(Collection entries)
══════════════════════════════

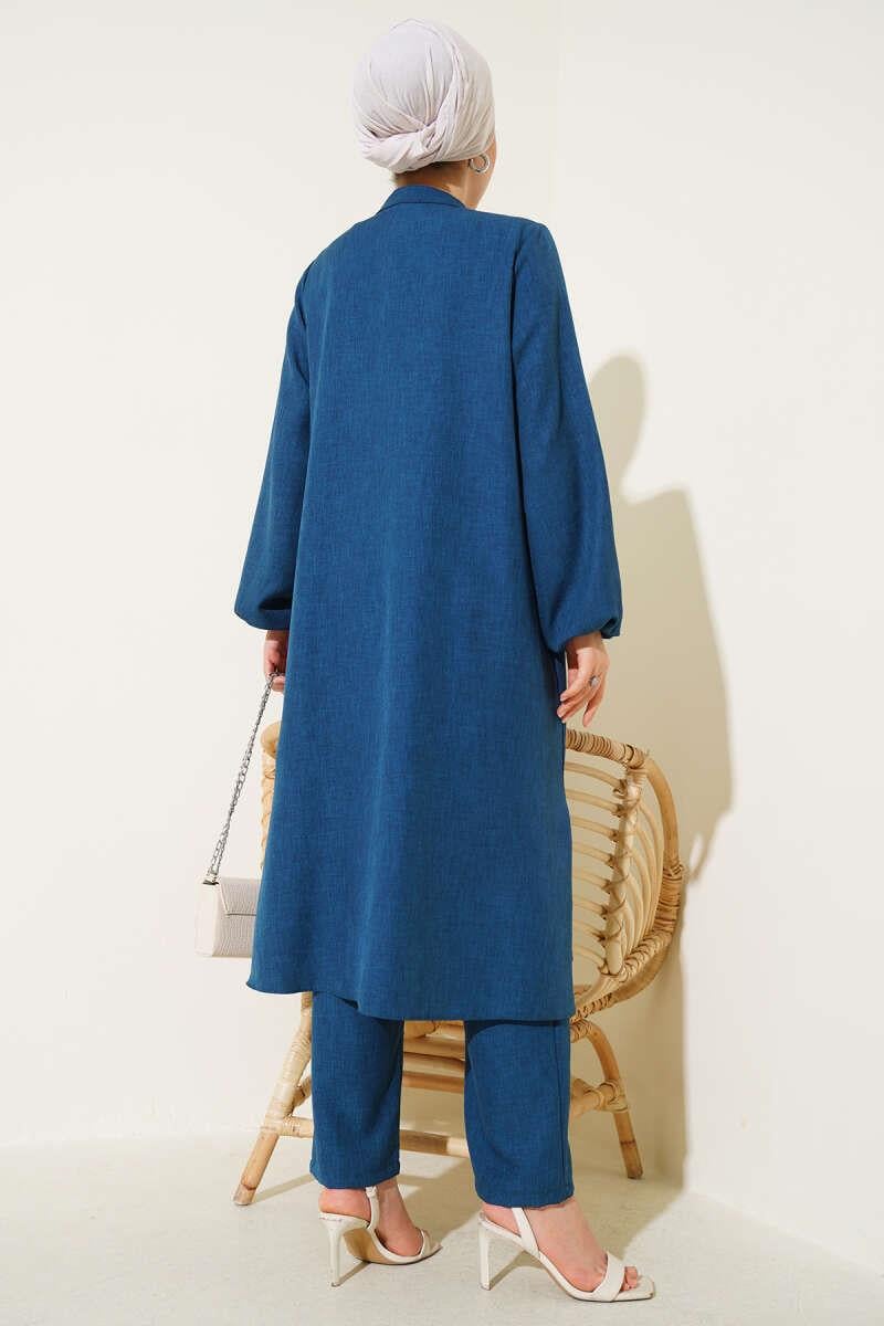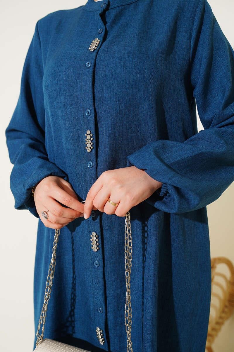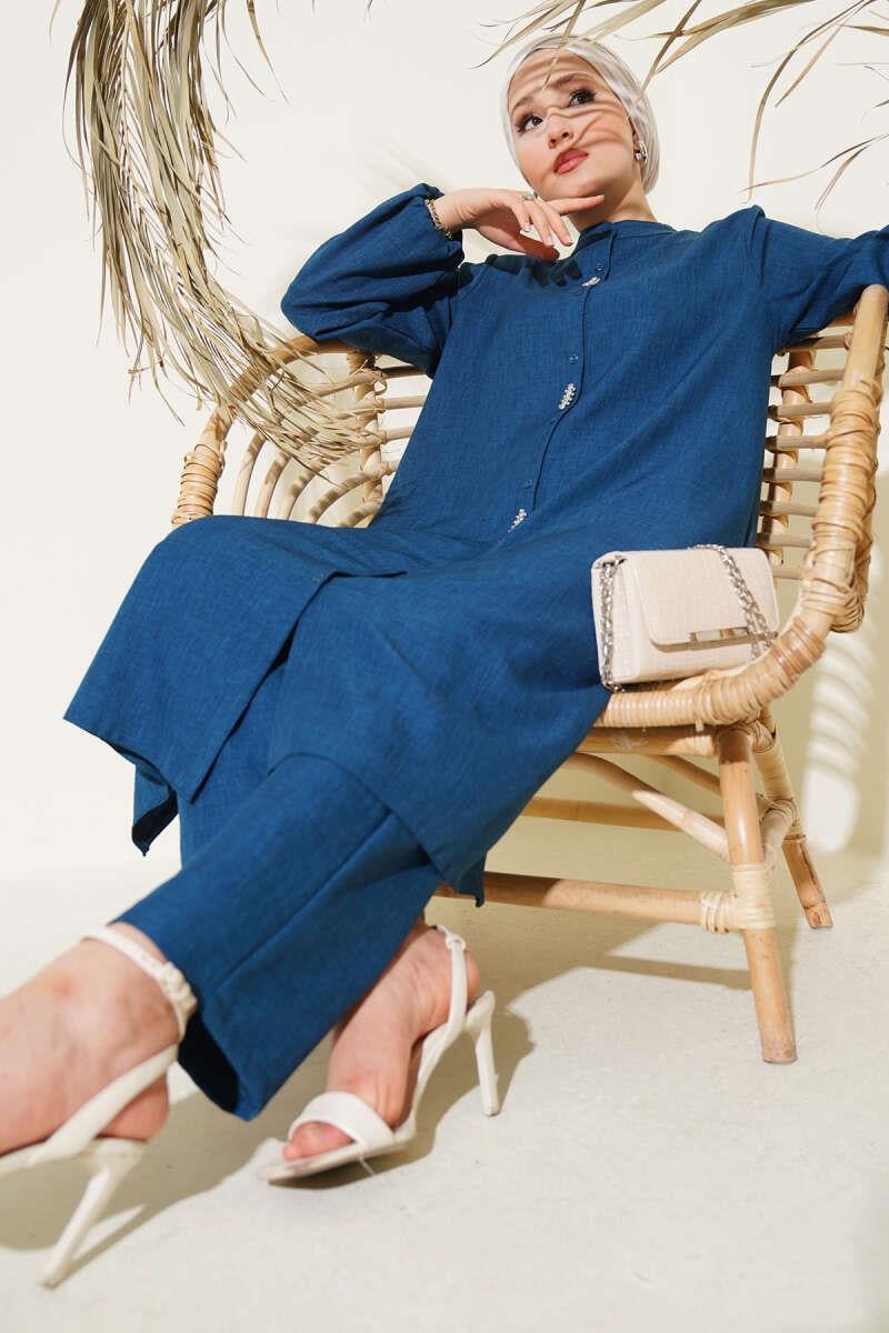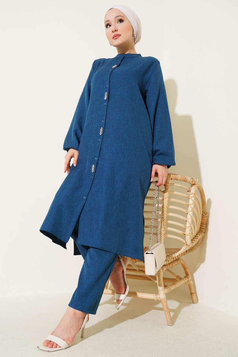 Long Tunic 2 Piece Set with Stone Detail on the Front, Petrol
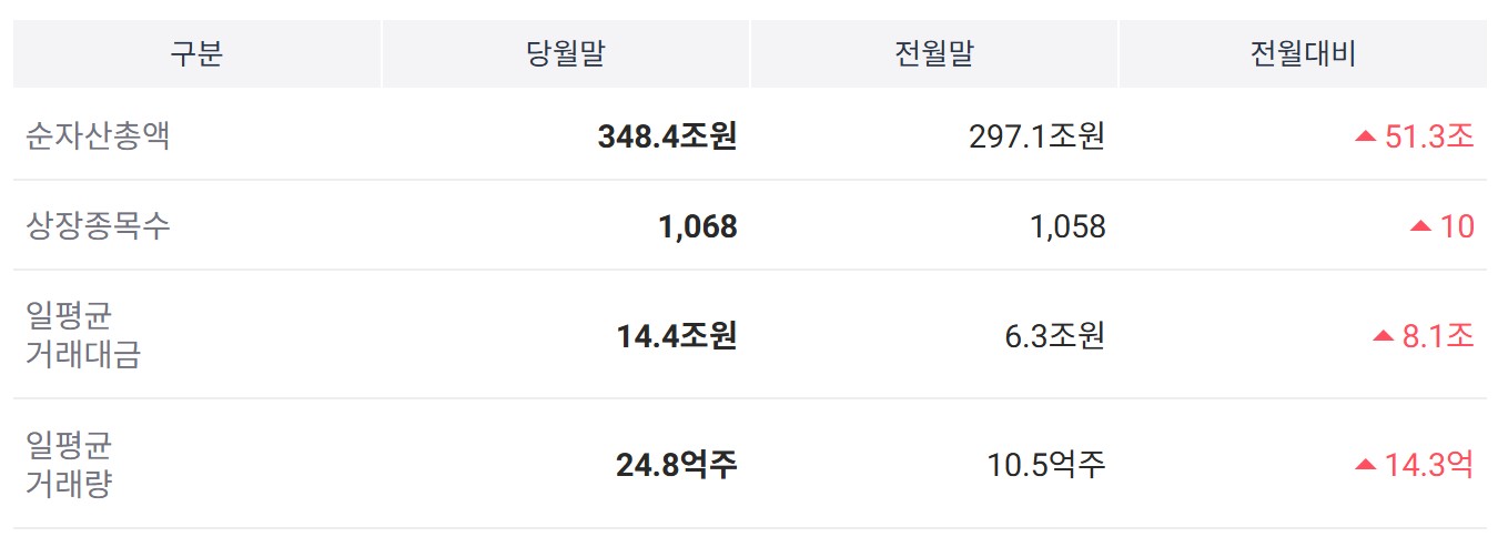 코스콤 ETF CHECK에 따르면 지난 1월 말 기준 국내 ETF 순자산총액은 348조 4574억원으로, 전월(297조1401억원) 대비 51조3173억원 증가했습니다.
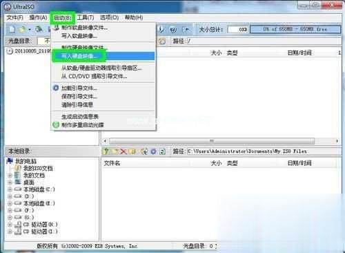 然后再次回到UltraISO窗口,點擊菜單欄中的“啟動”選“寫入硬盤鏡像”
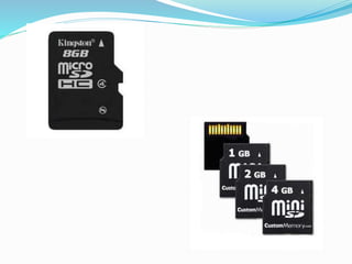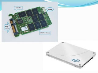 This document discusses and compares different types of flash memory storage devices: solid state drives (SSD), memory cards, and USB flash drives. It provides details on what each type is, their specifications like size and storage capacity, advantages like portability and speed, and disadvantages like cost and durability. SSDs use flash memory and have no moving parts, providing faster access and transfer times than hard disks. Memory cards are used for media transfer between devices and come in formats like SD and microSD. USB flash drives simply plug into ports for convenient portable storage.
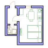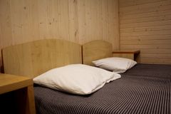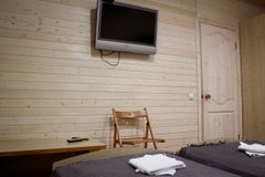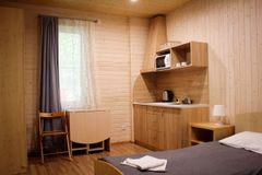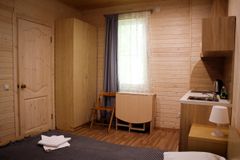 В номере, в кухне-гостиной, две односпальные кровати (можно объединить в одну двухспальную кровать). Кухня полностью оборудована (обеденная зона, варочная панель, электрочайник, холодильник, микроволновая печь,набор необходимой посуды, столовые приборы) Есть шкаф для одежды, санузел с душем и феном, а также спутниковое телевидение и Wi-Fi.
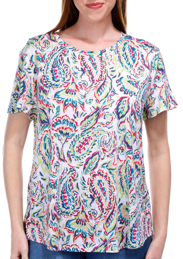 Embrace the essence of summer with the Swirl Paisley Short Sleeve Luxey Tee. Featuring a flattering scoop neckline and a vibrant print, this tee is perfect for warm weather and sunny days. Made from soft, breathable fabric, it ensures all-day comfort and ease. Whether you're heading to the beach or a casual outing, this tee adds a touch of tropical flair to your wardrobe. Top length measures approximately 26 in. Fabrication is 60% cotton and 40% modal.
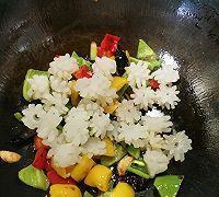 用料 尖椒1个红黄彩椒1/4个 鱿鱼卷1袋油适量 淀粉半勺蒜2瓣 姜2片葱2根 干辣椒适量生抽2汤匙 醋适量酒适量
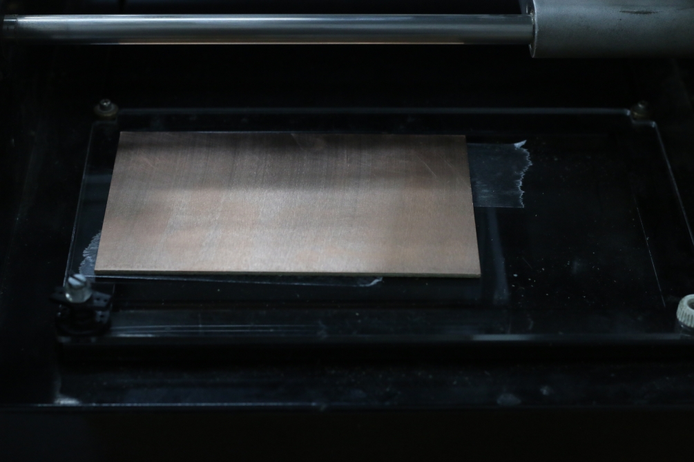 Then adding some double-face tape to hold the copper board in place. Don't use too much tape tp be able to take the board off when you finish. Apply some pressure to make sure that the whole board is flat.
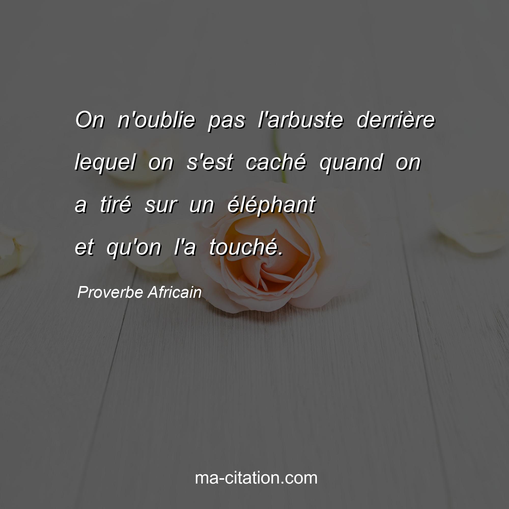 Proverbe Africain sur la vie :On n'oublie pas l'arbuste derrière lequel on s'est caché quand on a tiré sur un éléphant et qu'on l'a touché.
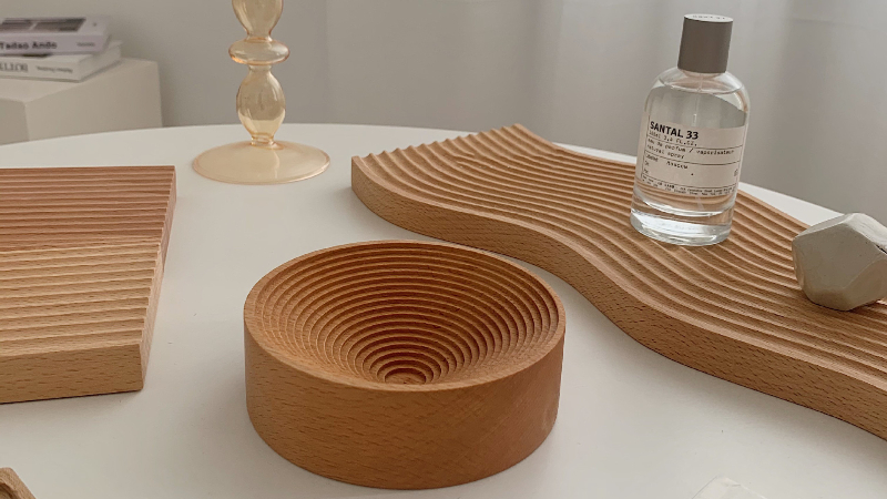 除了基本的家具,在房間內增添一些小物來點綴,更凸顯個人品味!像這款木質凹槽波紋托盤,給人一種自然的氛圍,簡單的波紋幾何線條,就帶有滿滿設計感。木質托盤不僅有裝飾功能,還很適合拿來擺放戒指、項鍊、香水、蠟燭這類小物,在展示的同時兼具收納功能,即使是小小細節,也能讓房間質感瞬間提升~
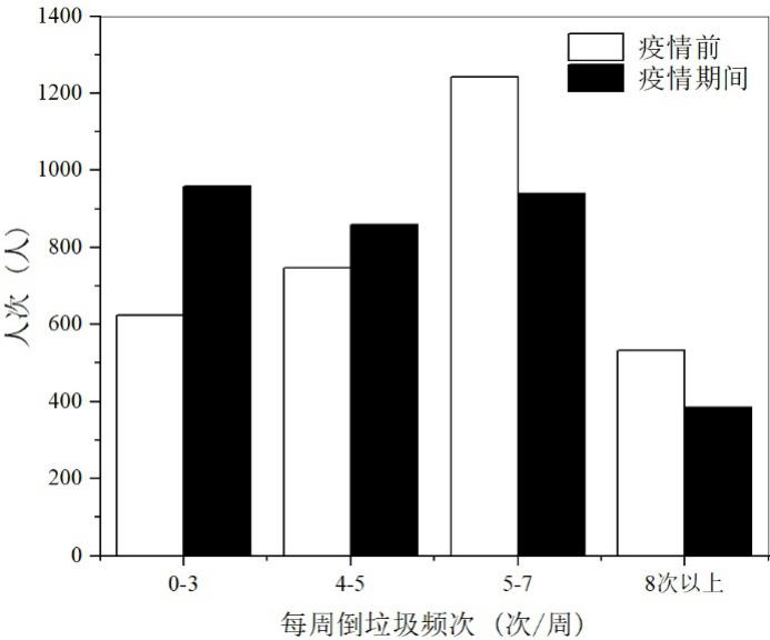 疫情導致社區(qū)垃圾分類基礎成分產生明顯變化,廢棄口罩大量增加,居民投放垃圾頻次顯著降低。疫情期間,人均廢棄口罩產生頻次約為3.7個/周,將近一半(48.2%)被調查者平均每周產生廢棄口罩數(shù)量在0~3個范圍;30.6%居民投放垃圾頻率降低,由疫情前5~7次向疫情期間低頻段轉變趨勢明顯,疫情越嚴重地區(qū)口罩產頻更高、投放垃圾頻率降低更多。針對垃圾組分變化,社區(qū)應貫徹落實垃圾分類,對涉疫垃圾分類分流收集處置,并靈活調整疫情期間垃圾清運計劃,總結居民行為規(guī)律,適時調減清運頻次降低成本。
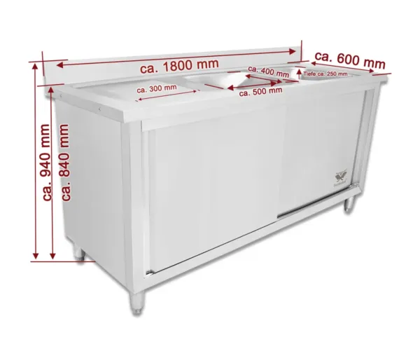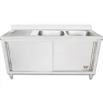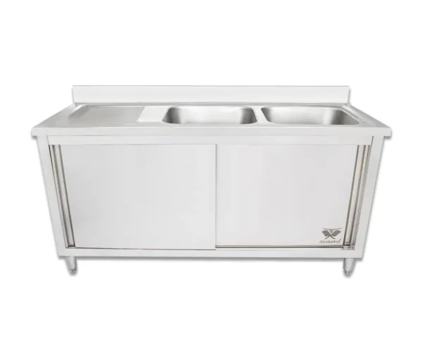 Chiuveta inox cu dulap, GSB180-Duo, 2 cuve partea dreapta, 1800x600x940mm, picioare reglabile
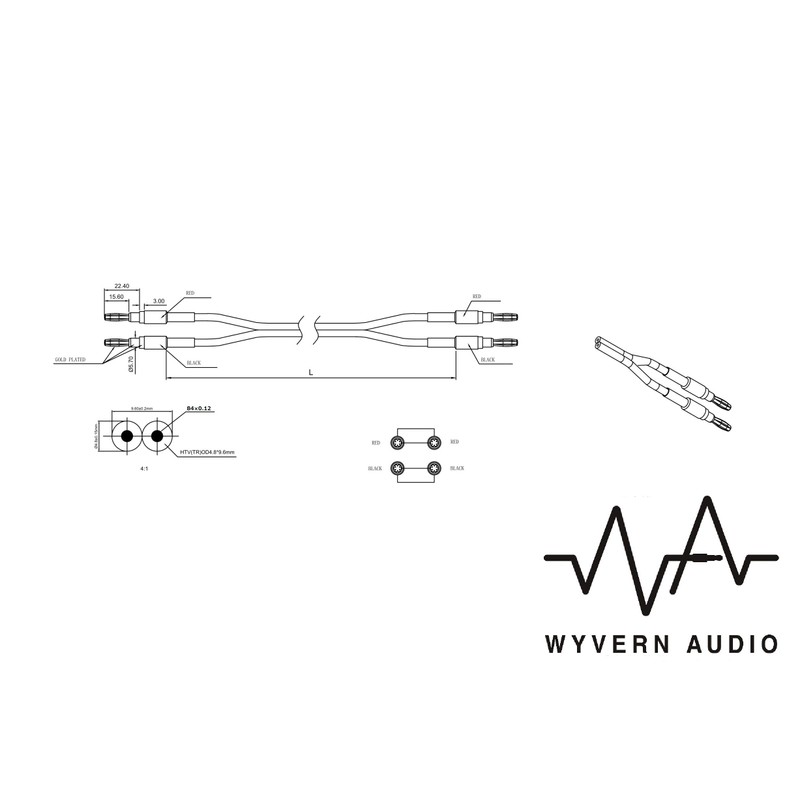 LR Set [Banana Plug Finished] By [WYVERN AUDIO] 24K Pure Copper Plug, Speaker Cable, Soldered, Blue, Set of 2 (1.5m)
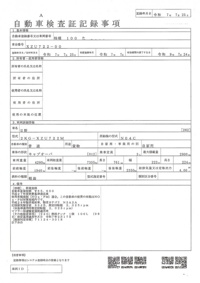 | 車両総重量 | 7,355kg |

══════════════════════════════

Exercise brief: Look above for the line with "用料 尖椒1个红黄彩椒1/4个 鱿鱼卷1袋油适量" and the line with "Chiuveta inox cu"; set down those two lines and all lines between them exactly, without pictures and without anything else.

Finished exercise:
 用料 尖椒1个红黄彩椒1/4个 鱿鱼卷1袋油适量 淀粉半勺蒜2瓣 姜2片葱2根 干辣椒适量生抽2汤匙 醋适量酒适量
 Then adding some double-face tape to hold the copper board in place. Don't use too much tape tp be able to take the board off when you finish. Apply some pressure to make sure that the whole board is flat.
 Proverbe Africain sur la vie :On n'oublie pas l'arbuste derrière lequel on s'est caché quand on a tiré sur un éléphant et qu'on l'a touché.
 除了基本的家具,在房間內增添一些小物來點綴,更凸顯個人品味!像這款木質凹槽波紋托盤,給人一種自然的氛圍,簡單的波紋幾何線條,就帶有滿滿設計感。木質托盤不僅有裝飾功能,還很適合拿來擺放戒指、項鍊、香水、蠟燭這類小物,在展示的同時兼具收納功能,即使是小小細節,也能讓房間質感瞬間提升~
 疫情導致社區(qū)垃圾分類基礎成分產生明顯變化,廢棄口罩大量增加,居民投放垃圾頻次顯著降低。疫情期間,人均廢棄口罩產生頻次約為3.7個/周,將近一半(48.2%)被調查者平均每周產生廢棄口罩數(shù)量在0~3個范圍;30.6%居民投放垃圾頻率降低,由疫情前5~7次向疫情期間低頻段轉變趨勢明顯,疫情越嚴重地區(qū)口罩產頻更高、投放垃圾頻率降低更多。針對垃圾組分變化,社區(qū)應貫徹落實垃圾分類,對涉疫垃圾分類分流收集處置,并靈活調整疫情期間垃圾清運計劃,總結居民行為規(guī)律,適時調減清運頻次降低成本。
 Chiuveta inox cu dulap, GSB180-Duo, 2 cuve partea dreapta, 1800x600x940mm, picioare reglabile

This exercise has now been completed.